Thursday, September 1, 2011

random tangent...

*random
people are never going to say 'You've grown into such a Godly woman, you are so touching, you praise God and to see you pray to him so fervently is inspiring...'


i'm never going to be inspired by K-LOVE.
i'm never going to be exhalted as a strong prayer-warrior.
i'm never going to say 'praise the Lord!' or thank God every two status'
i'm never going to be moved to tears by babies, young love, quaint Christian stories that K-LOVE enjoys giving...

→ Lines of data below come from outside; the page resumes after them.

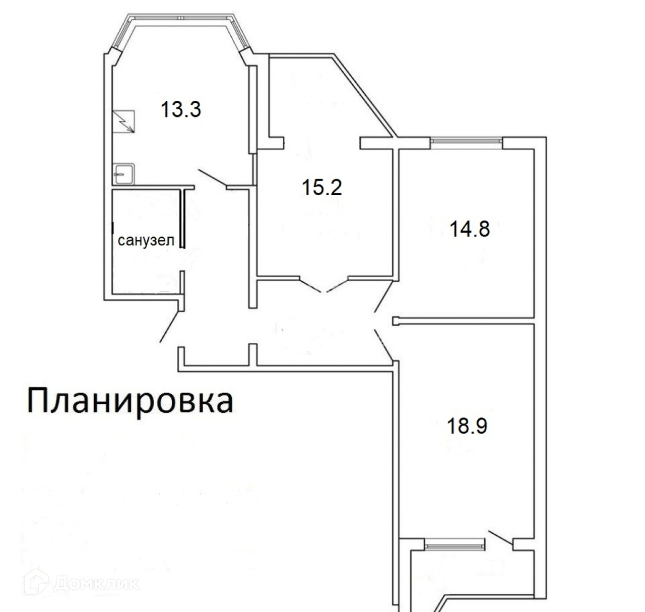 Жилая площадь 48.9 м2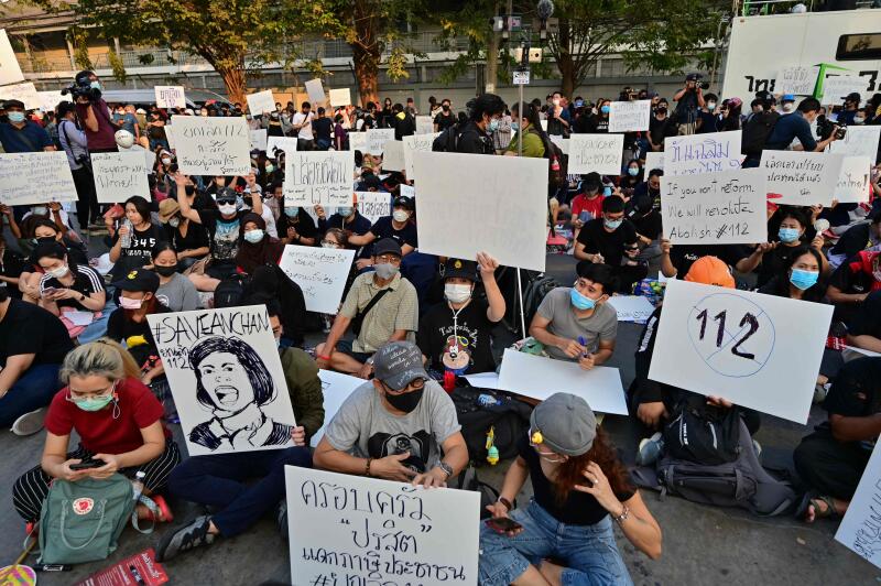 Pro-democracy protesters hold up signs outside the Thai Parliament as they take part in an anti-government rally in Bangkok on Feb 20, 2021.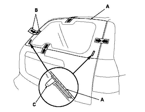 14. Set the rear window (A) in the opening, and center it. Make alignment marks (B) across the rear window and the body with a grease pencil at the four points shown. Make sure both clips (C) contact with the holes of the tailgate corner. Be careful not to touch the rear window where adhesive will be applied.

i am however going to talk to elderly people about life.
hear them tell me what a special person i am and how they've never met a girl my age like me before...
i'm going to dance wildly with campers and tell them tales of how in reality i'm very shy and introverted.
i'm going to remember how one of the people i admire most in the world said that i'm just different and he can't find anything against me.
i'm going to hear people tell me that i just seem like a person of high values that they wish they could be more like...
i'm going to be that shoulder to cry on for my few close friends.
i'm going to talk to You as if You're my best friend...


i think it's a good trade off, Lord.


if the former of the two options was me...
it wouldn't be genuine...
would not be sincere...


...why am i off on this tangent i wonder...


need rest.


this post had very little coherent meaning.


but i suppose i come off that way to most.